ChchchChanges

11:30 PM Jmo 0 Comments

These past three weeks I've had a lot of time on my hands. And I'll admit it. I definitely didn't use it to its full potential. I filled it with a lot of "shoulds" and not too many "dids". I planned on studying Korean, going to Seoul for a day by myself, making more art than my apartment could hold, and  pushing my body into that ever-torturous realm of "exercising". I was going to treat these past couple weeks as my own sort of New Year. A time to look forward and accept the changes that have been presented before me. And I do still plan to meet them head on. It's just taken me a hiccup or two to accept and adjust. I would be lying if I said I didn't spend a couple days lying in bed staring at the ceiling. A few changes in my life may have brought on a slight bought of...depression(?) Maybe that's too strong of a word... *flips through thesaurus* Nope. That works.

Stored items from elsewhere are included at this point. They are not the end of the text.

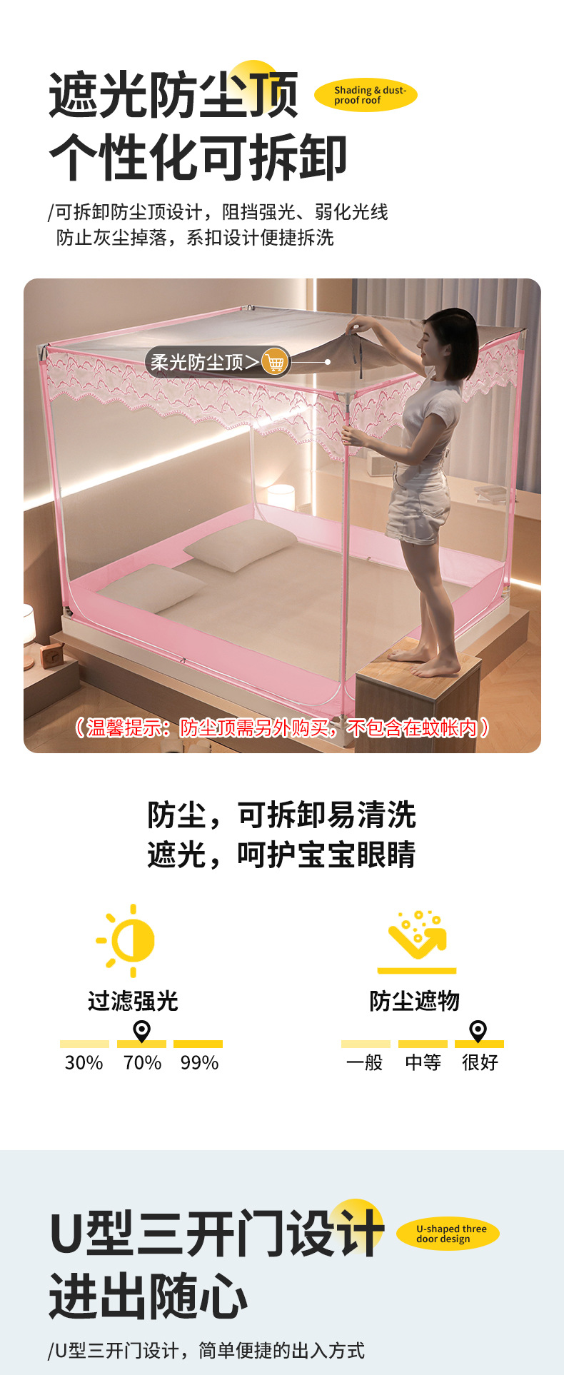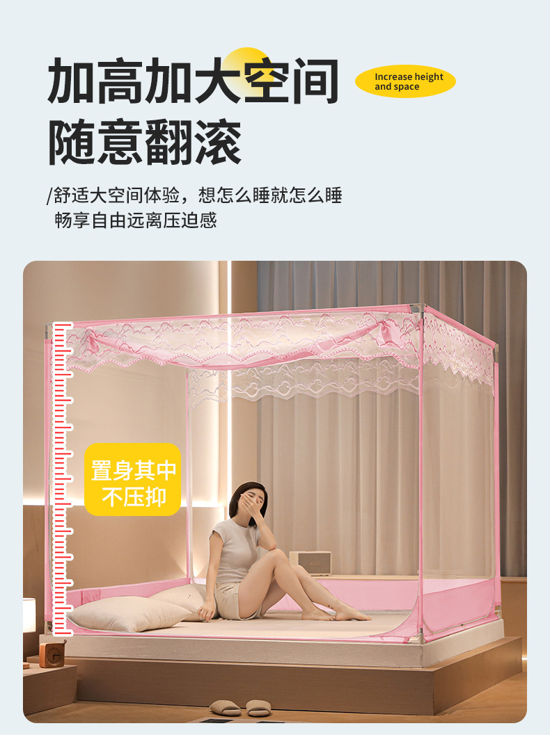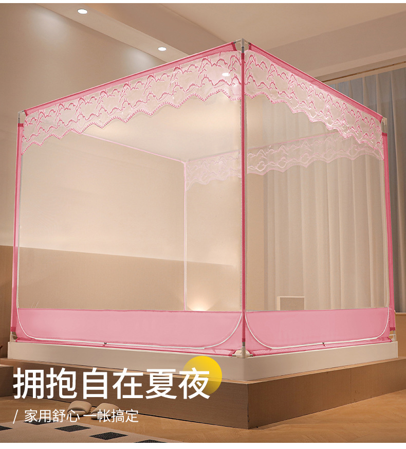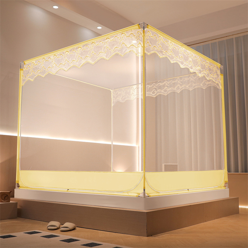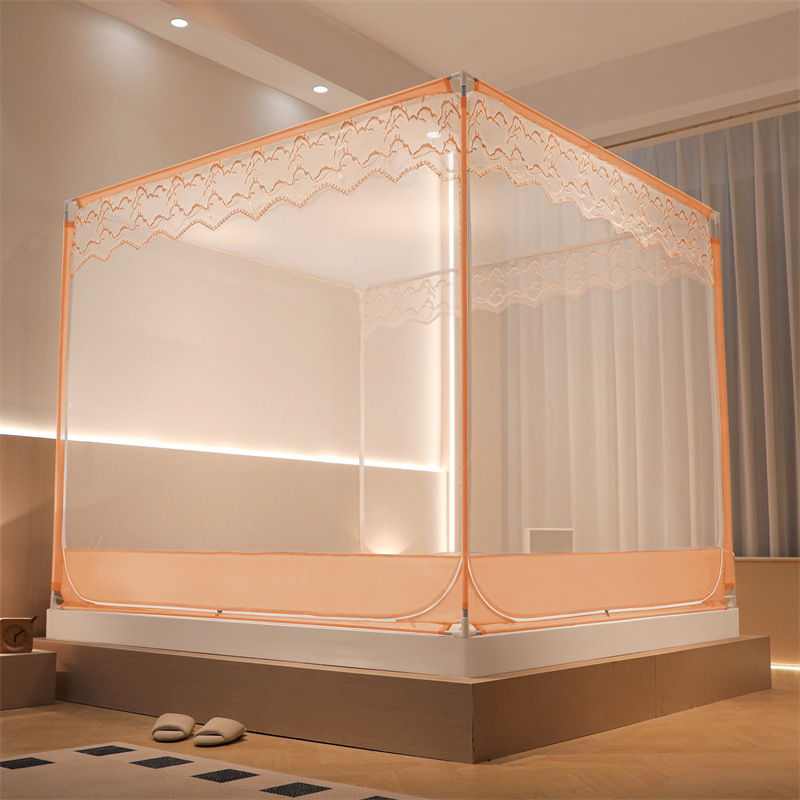 설치 무료 몽골 유르트 모기 방지 브래킷 홈 암호화 두꺼운 침대 커튼 웨이브 스타일 간단한 모기장 학생 및 어린이
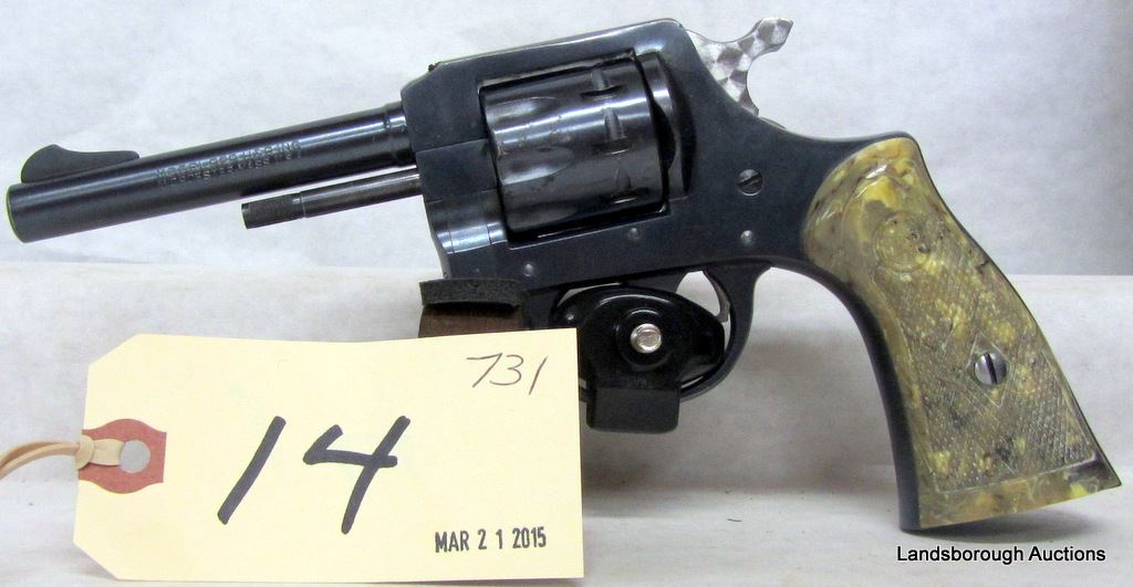 PROHIBITED, REVOLVER, 22LR, 102MM BARREL, SN S20006. GRIPS VERY GOOD, BLUING HAS SOME PITTING ON CYLINDER, BORE EXCELLENT. COMES WITH DISPLAY CASE.
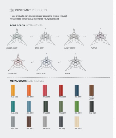 190PURPLERAL 1003 RAL 2008 RAL 3018 RAL 3020 RAL 5001 core ten xy355fRAL 5018RAL 7040RAL 5024RAL 8011RAL 6009RAL 9006RAL 6011sw 306g RAL 1015RAL 6018 RAL 7021BLACKCUSTOMIZE PRODUCTSROPE COLOR ALTERNATIVESMETAL COLOR ALTERNATIVES* Our products can be customized according to your request; you choose the details, personalize your playground.FOREST GREEN STEEL GRAY SANDY BROWNSTRONG RED ROYAL BLUE
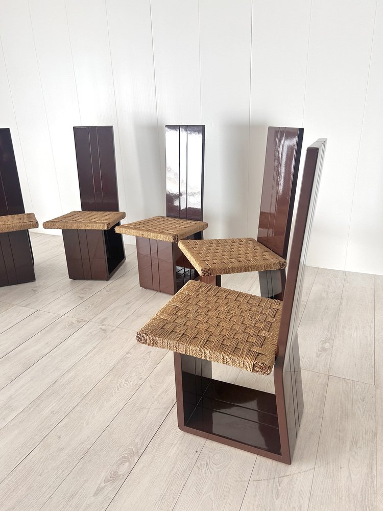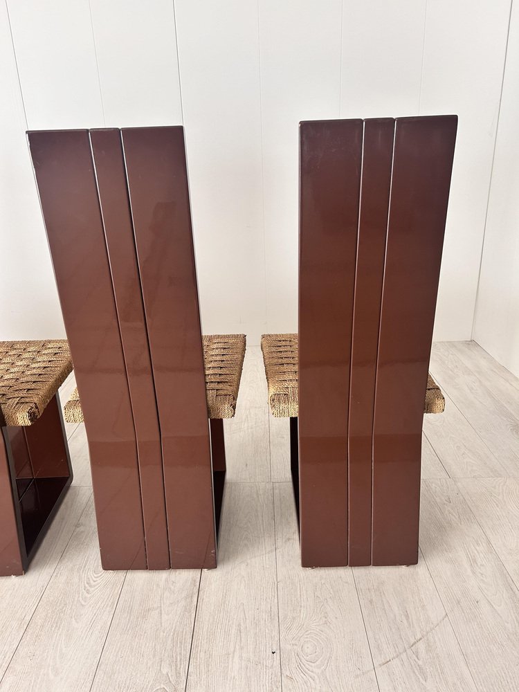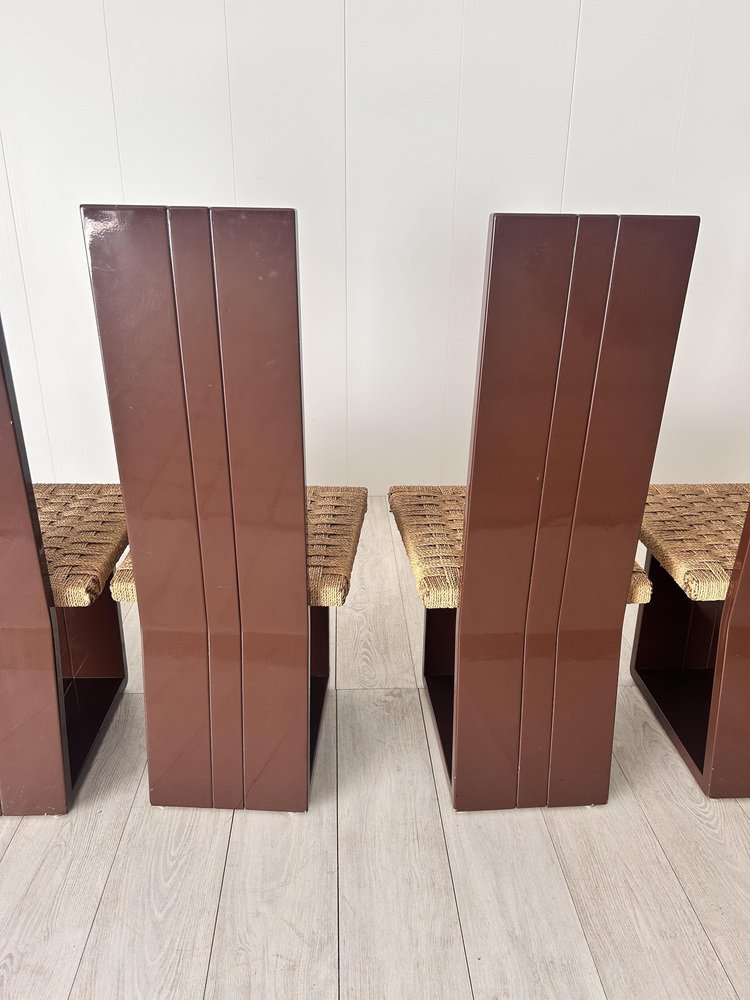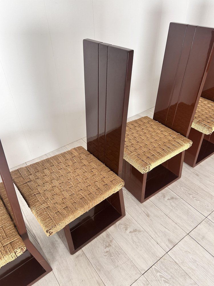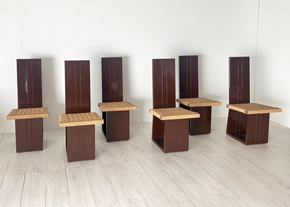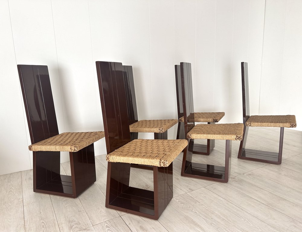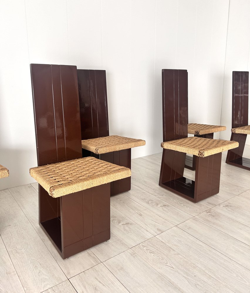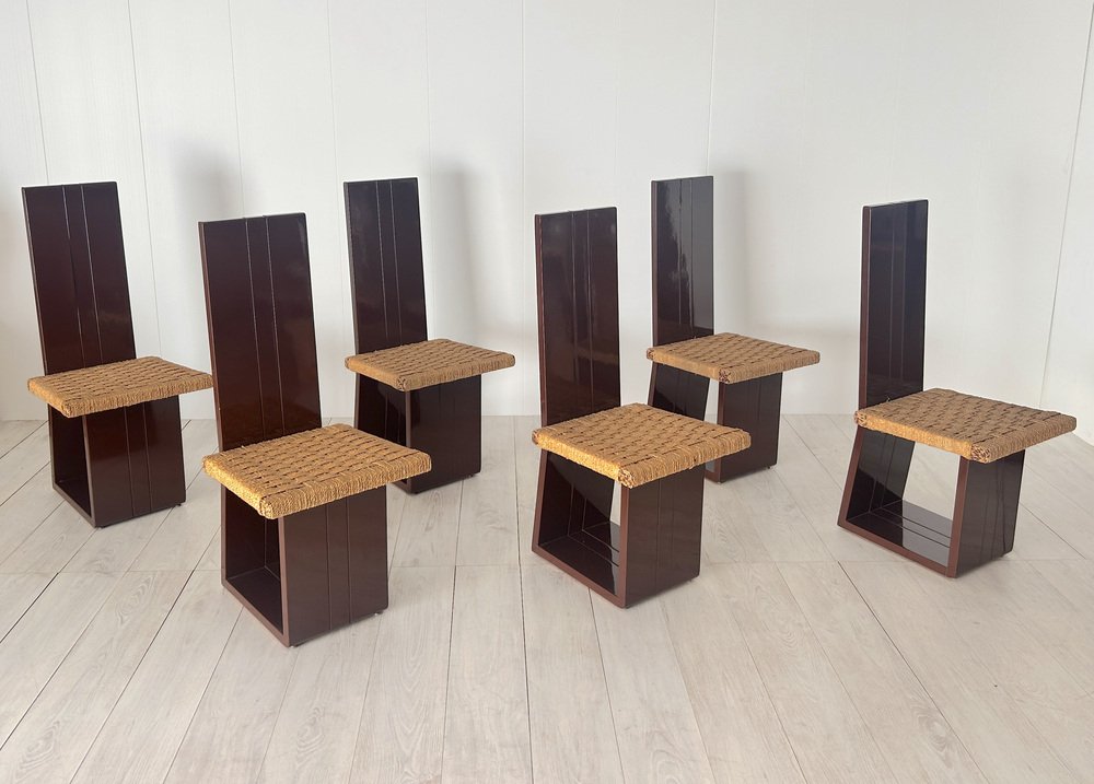 Sillas de comedor de madera lacada y asiento de paja, Italia, años 70. Juego de 6

But! I've always prided myself on being able to adapt easily. I'm pretty go with the flow. Move on. That's one personality trait I am proud of. I rarely stick my feet in the mud; unwilling and too stubborn to budge. But the most immediate past has led me to question my neutral tendencies. Maybe it's my old age. What is worth holding on to? What is worth letting go of? What am I willing to sacrifice to make that happen? What am I personally willing to sacrifice? When is it time to stick my feet in the mud? Now?
(Sorry for the gushy, self-reflective, questions that most would roll their eyes at and scoff, "How vague, Jessica." But hey, it's my blog.) I've just had a lot to think about lately. A lot of decisions to make. A lot of exciting decisions actually!
Enough with being ominous: I'm happy to say that I have chosen to re-sign my contract.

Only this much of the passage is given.